Politics

Spain’s ‘Silicon Valley’ in Malaga

Article published on July 2, 2008
Article published on July 2, 2008
Spain lives with the feeling that economic crisis is hot on its heels. This is the prefect occasion to redefine its growth model that is currently based in tourism and construction

It has not been well publicised, but the aim of the Spanish ‘property bubble’ has ceased to be one more example of necessity for renewal that faces this Iberian nation. ‘We found, before, a quicker adjustment than what we had hoped for in construction, but we had also hoped that this problem would have ended sooner,’ affirms Pedro Solbes, the economic minister and former European commissioner. Once the turbulence ends, the country must find new forces for development, as have many other European societies. For Spain, it seems indispensable that they find solutions to essential shortages, but also to decide which sectors will have a future where Spain can have an exceptional position.

Labour force: from low-cost to qualified

Spain has been, for many years, a country of industrial decentralisation, where foreign companies have been installed in the search for cheap labour. Growth and economic convergence have modified salaries. Now Spain must readjust and offer an added incentive of its own. How will it do this? The answer comes from other EU states that have relied on creating more professionals and bettering those that exist to transform what has been a cheap labour force into one that is qualified.

This qualitative policy depends on an increase of public (and private) expenditure in I+D+I (Industry, Development and Innovation). In Spain, this is currently lower than the European average, as well as the EU’s fixed objectives from the 2000 Lisbon Strategy (3% of the GDP). Even though the government insists that ‘investment in I+D+I has multiplied by more than 2.6 times between 2004 and 2008,’ the truth is that Spain has only invested 1.16% of its GDP in this area. This is a figure that is significantly lower than the European average of 1.84%, and much lower than countries such as Germany (2.51%), France (2.12%) and Denmark (2.43%), that are further developed.

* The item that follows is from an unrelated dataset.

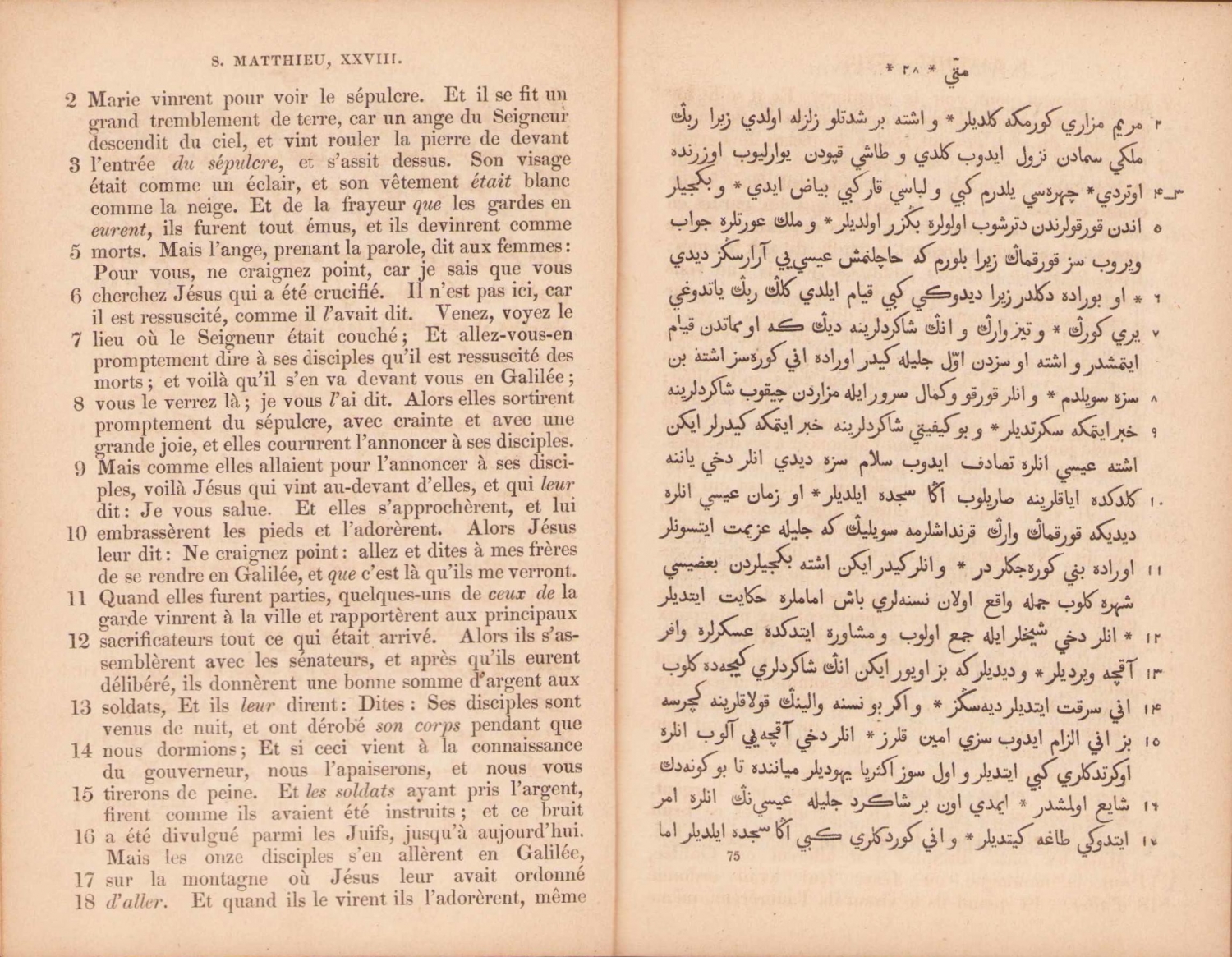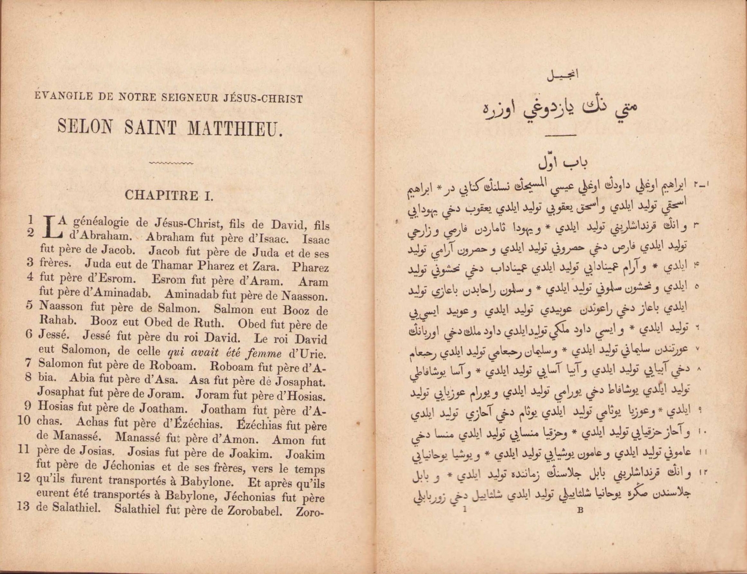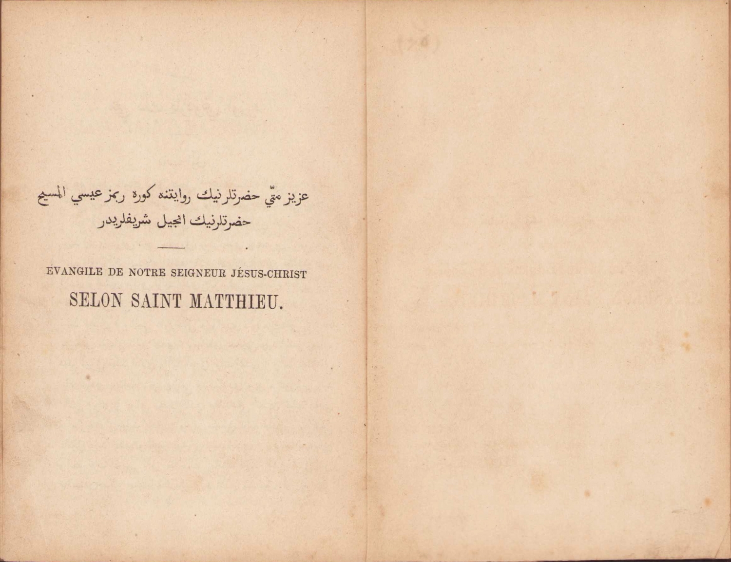 Aziz Matta Hazretlerinin Rivayetine Göre Rabbimiz İsa El-Mesih Hazretlerinin İncil-i Şerifleridir, Osmanlıca - Fransızca, sırtı yıpranmış, 80 sayfa, 10x15cm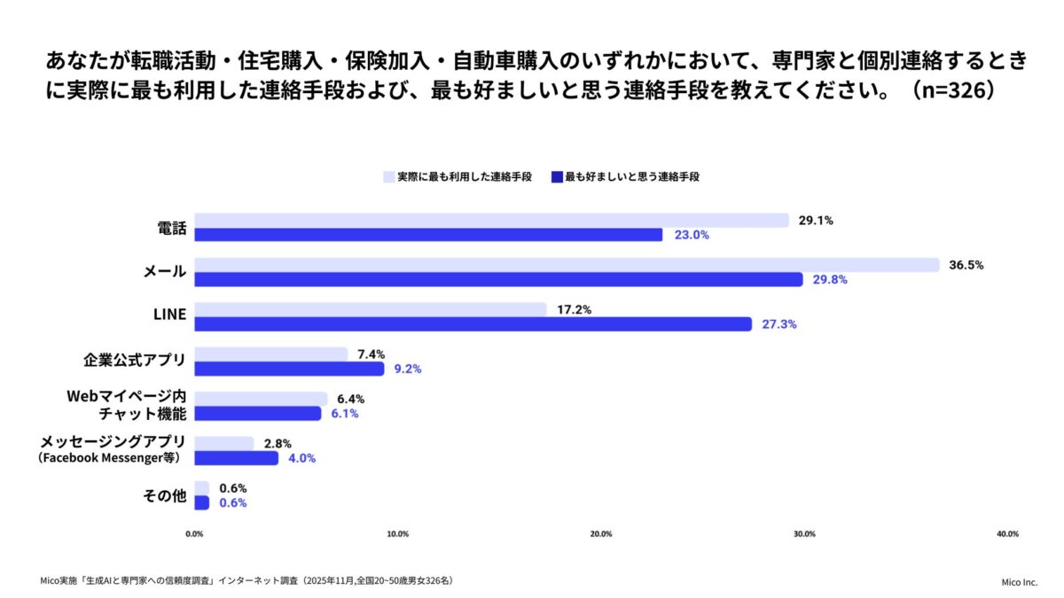 専門家との個別連絡において、最も好ましいチャネルは「メール」(29.8%)、「電話」(23.0%)、「LINE」(27.3%)の順となりました。特に「LINE」は実際に企業が活用している連絡手段との差が最も大きい結果となり、潜在的な利用ニーズが高いことが示されました。

In spite of it all, the executive seems to have realised the importance of this economic force for the future. One of its priorities for upcoming years is the ‘substantial increase of the general administration resources for I+D+I being located in programs that will mobilise the private sector,’ according to the election platform of the socialist party from the most recent election in March 2008. For this, they have put the National I+D+I Plan for 2008-2011 into action, which will contribute 47, 753 million euros to help reach an investment of close to 2% of the GDP.

Malaga, California

On the other side of the economic paradigm that Spain is living with, there may also be a good occasion to bet on new technologies and the advantages that the country currently counts on. It is hardly a secret that, for the most part, businesses chose pleasant countries (Italy, Spain and the south of France) for their conferences, which is why it seems logical that the creation of high-quality technological poles in the Iberian Peninsula be similar to those in Silicon Valley, California.

This is what, for example, the Malaga Valley project (see www.malagavalley.com) has tried to do. It brings together different companies from this sector in society in the hopes of making Malaga the most important zone for technological excellence in Europe, a Silicon Valley that will attract companies and investors from all over the world in the field of I+D+I. This is something that other European countries like France, have tried, putting into place centralized plans in new technologies in different regions such as Minalogic close to Grenoble, AerospaceValley near Toulouse and Lyonbiopole near it’s namesake, Lyon.

‘Renewable’ future

According to a recent study, Spain was below the European average for the diffusion of broadband internet across the population (with 18.3%), but it was also found that the more developed countries like France (23.3) and Germany (23.8%) were not far off.

In addition to paying attention to the wisdom and successful choices of other European countries, the best way of overcoming this crisis is to stabilise the strong areas of the economy; renewable energy sources are one of these areas. As José María González Vélez, president of the Spanish association of renewable energy producers puts it, ‘Spain is in a privileged position to play the role of world leader,’ since the development of these energies in the country ‘is considered the ideal prototype.’ Thus, they have included large businesses that have been investing for years. With each day they give more importance to this sector as a demonstration of the saying ‘Pioneers in development and sustainability’, as well as the philosophy of Hispanic multinationals like Acciona, and the corporate image that they wish to transmit to larger companies such as Iberdrola Renovables and Repsol YPF.